El post que ha puesto Toño Torreón , de la RAE, lo explica.


----------



## ManPaisa

Betildus said:


> No, pero hay confusiones (o a mí no me queda claro), si ahora me debo fijar con la palabra que comienza o con la palabra que termina.


 
El género de las palabras depende de muchos factores pero principalmente de su etimología.

En español, las palabras que terminan con *a* suelen ser *femeninas*, pero no siempre. Las que terminan con *o* suelen ser *masculinas*, pero hay excepciones.
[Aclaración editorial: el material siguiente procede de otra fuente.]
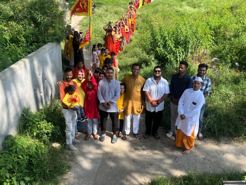 शोभायात्रा में स्थानीय महिलाएं,श्रद्धालु भक्तजन, माताएं,बहनें,बेटियां,युवा,श्रद्धालु जनों ने बढ़-चढ़कर मां के जयकारे के साथ मंगल कामनाएं की तथा लोक कल्याण एवं सभी के स्वास्थ्य,विश्व शांति,प्रसन्नता,समृद्धि के लिए माता की कृपा के लिए आह्वान किया। प्रार्थना करते हुए कार्यक्रम में शामिल हुए। शोभायात्रा में दीवान सिंह बिष्ट वरिष्ठ अधिवक्ता,कल्पना कृति समिति की अध्यक्ष श्रीमती मंजू बिष्ट,उपाध्यक्ष श्रीमती नीमा नगरकोटी,दीपक कांत पांडे,कोषाध्यक्ष भुवन चंद्र त्रिपाठी, सदस्य श्रीमती भगवती त्रिपाठी, श्रीमती अनीता नेगी,मुख्य संरक्षक ‌कमल कुमार बिष्ट सहित पदाधिकारी,मोहित बिष्ट,त्रिलोक सिंह रौतेला,गीता मेहरा,मानस पब्लिक स्कूल अल्मोड़ा की छात्राएं ,शिक्षक शिक्षिकाएं,देवाशीष नेगी जिला मंत्री भाजपा,अन्नत बिष्ट,श्रीमती गीता पाण्डे सहित एक सौ से अधिक संख्या में श्रद्धालु शामिल हुए। सांयकालीन संध्या एवम सांस्कृतिक कार्यक्रम में निवर्तमान अध्यक्ष प्रकाश चंद जोशी नगर पालिका अल्मोड़ा मुख्य अतिथि के रूप में कार्यक्रम में शामिल रहेंगे साथ ही शहर और स्थानीय मोहल्ले की जनता,माताएं बहने ,विद्यालयों के छात्राओं द्वारा सांस्कृतिक कार्यक्रम एवं भजन कीर्तन प्रस्तुत किए जाने है। सांय कालीन संध्या में 5:30 से पूजा अर्चना,महाआरती ,प्रसाद वितरण के बाद भजन कीर्तन एवं सांस्कृतिक कार्यक्रम प्रस्तुत किए जाएंगे जिसमें स्थानीय कलाकारों, श्रद्धालु,भक्तों द्वारा अपनी प्रस्तुतियां दी जानी सुनिश्चित हुई है।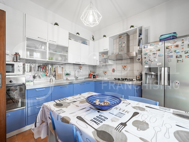 Al PRIMO PIANO: soggiorno doppio con terrazzo, cucina abitabile con balcone, 3 camere da letto e 2 bagni.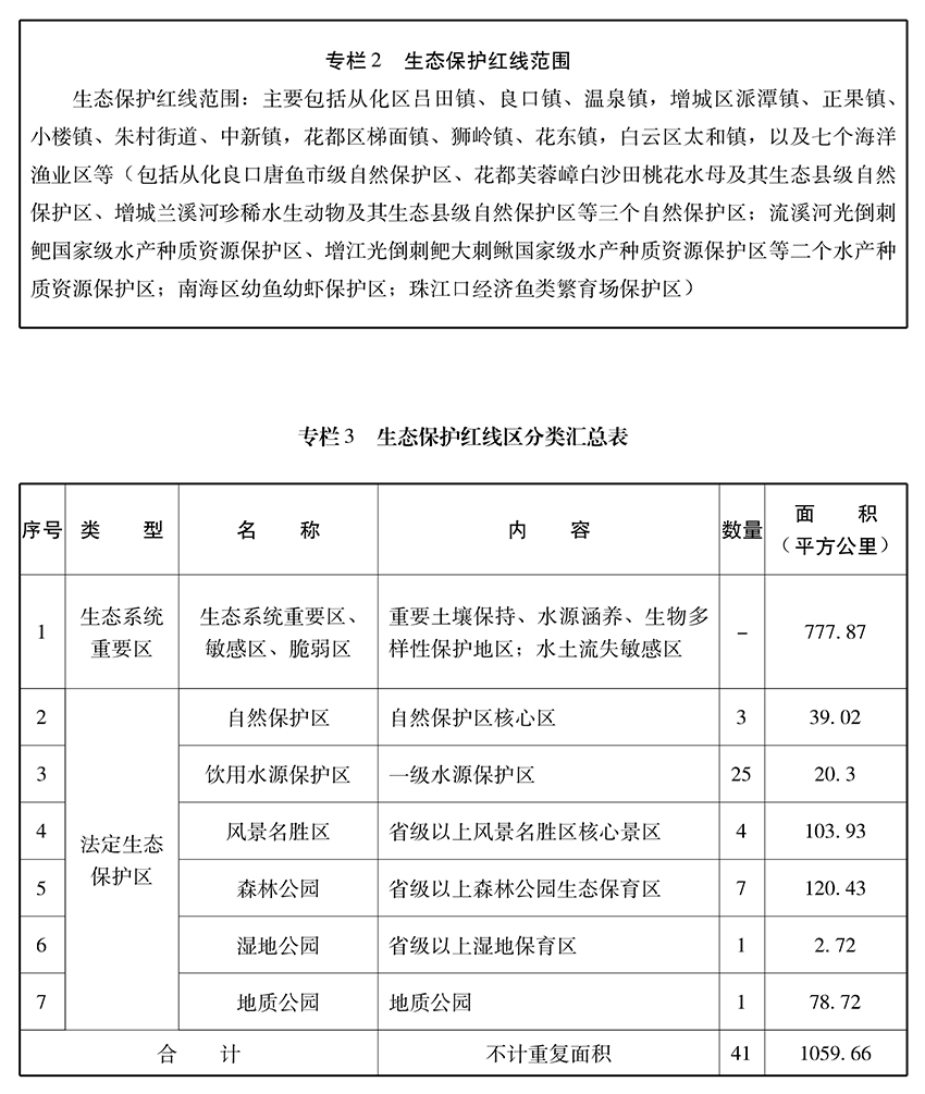 以自然资源禀赋和环境承载能力为基础,将饮用水源一级保护区、市级及以上自然保护区的核心区、省级及以上风景名胜区的核心景区、森林公园的生态保育区、湿地公园的湿地保育区、地质公园的一级保护区等法定生态保护区和水源涵养、土壤保持、生物多样性保护、水土流失等生态系统重要区域划入生态保护红线范围,总面积1059.66平方公里,约占全市地域面积的14.25%。实施严格的生态红线管控制度,红线内禁止城镇建设、工农业生产和矿产资源开发等改变区域生态系统现状的生产经营活动,市政公益性基础设施建设等需符合相应法律法规要求。其中,法定生态保护区内禁止新建、改建、扩建与所属法定保护区域保护要求不一致的建设项目和生产活动,已经建成的无关建设项目应拆除或者关闭退出。生态系统重要区禁止新建、扩建工业项目,禁止新建露天采矿等生态破坏严重的项目,禁止新建规模化畜禽养殖场。逐步清理区域内现有污染源,引导人口逐步转移,现有工业企业、矿山开发、畜禽养殖场等要逐步退出,严格控制污染物排放,功能受损区域实施生态恢复。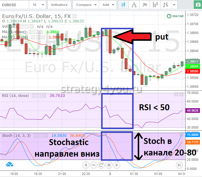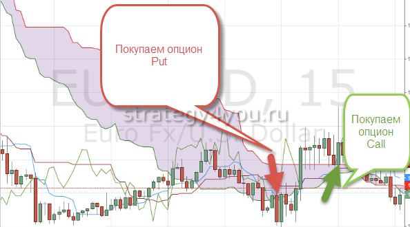 Система рассчитана на то, что на графике М5 открывают сделку на 3-5 свечей, т.е. 15-25 минут. Когда цена окажется в зоне перекупленности, направление торгов меняется на Put.
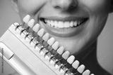 Smiling woman with teeth color samples on beige background, closeup. Dental veneers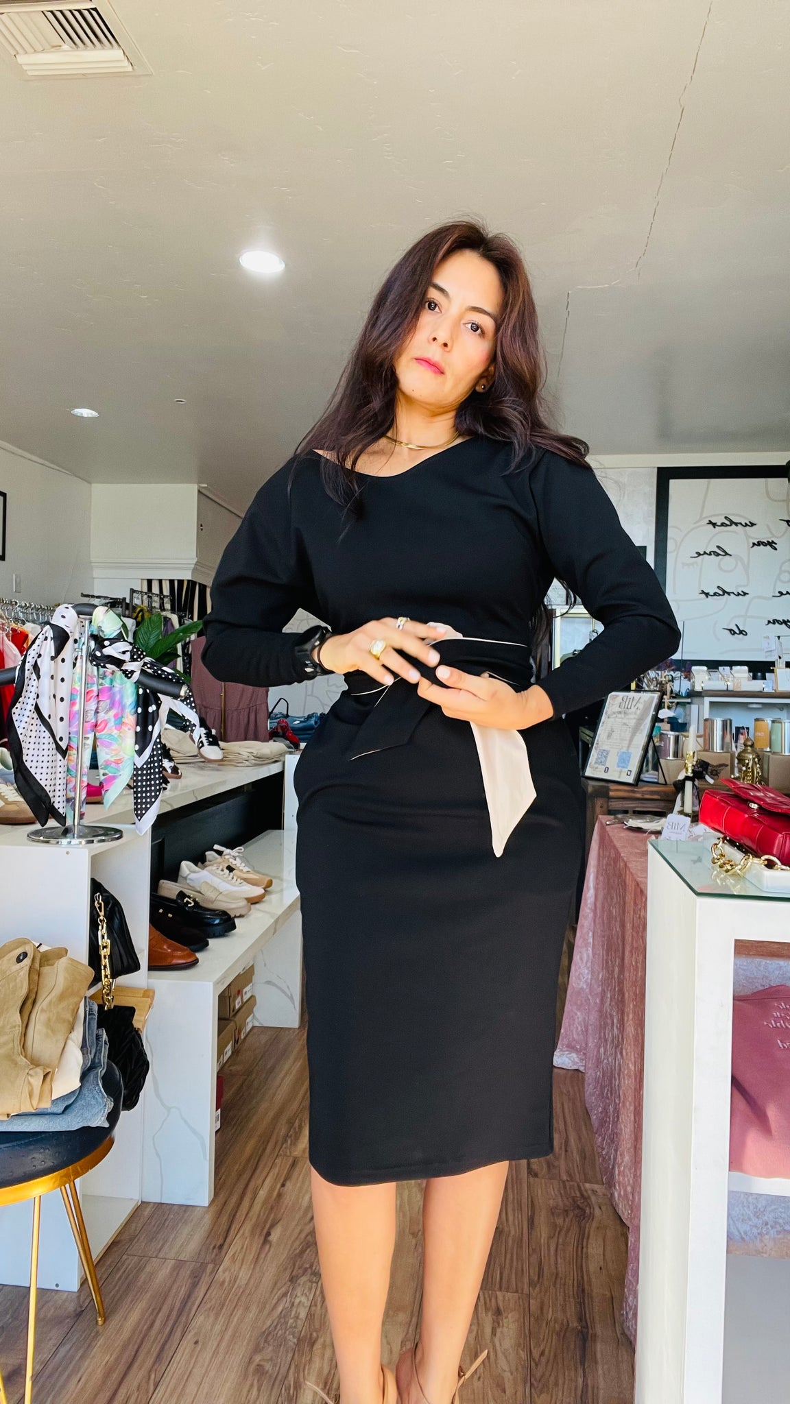 This is a shift dress with pockets, midi length, below the knee length, it features boat style neck that can also be worn off the shoulder. It has an attached self tie sash for a body hugging look. You Can tie it in different ways, forward single with a bow, wrap back then tie forward or wrap forward and tie back.

Ahora bien, *las palabras femeninas que empiezan con* *a tónica* suelen llevar el artículo* el*, para que suene mejor, pero eso no quiere decir que se conviertan en masculinas. 

Esto no tiene nada que ver con *aire*, ya que por razones etimológicas (creo) ese término es masculino y no femenino, y por lógica lleva el artículo* el.*


----------



## raulaquiles

*1. -
El agua* es un sustantivo femenino, sin embargo su artículo se lo escribe en masculino: el agua.
Y por ejemplo, los plurales los escribiré siempre en femenino, *las aguas, las aves,* etc...

Pero con los adjetivos demostrativos, *este, ese, aquel*, hablo y escribo de esta forma:
*¿Es esto correcto?*
*este, ese, aquel... agua.
este, ese, aquel... ave.
este, ese, aquel...azúcar.(ambiguo)
*
*2.-*
*la alondra* es femenina y su artículo igual: *la alondra
*
*¿Por qué se da esto?*

Alguna vez escuché que esto va relacionado con las vocales tónicas...
Alguien que me aclare estas dudas...

Gracias de antemano.


----------



## juandavidcrog

Muchas palabras en castellano que son femeninas se escriben con el articulo definido en masculino para evitar la cacofonía.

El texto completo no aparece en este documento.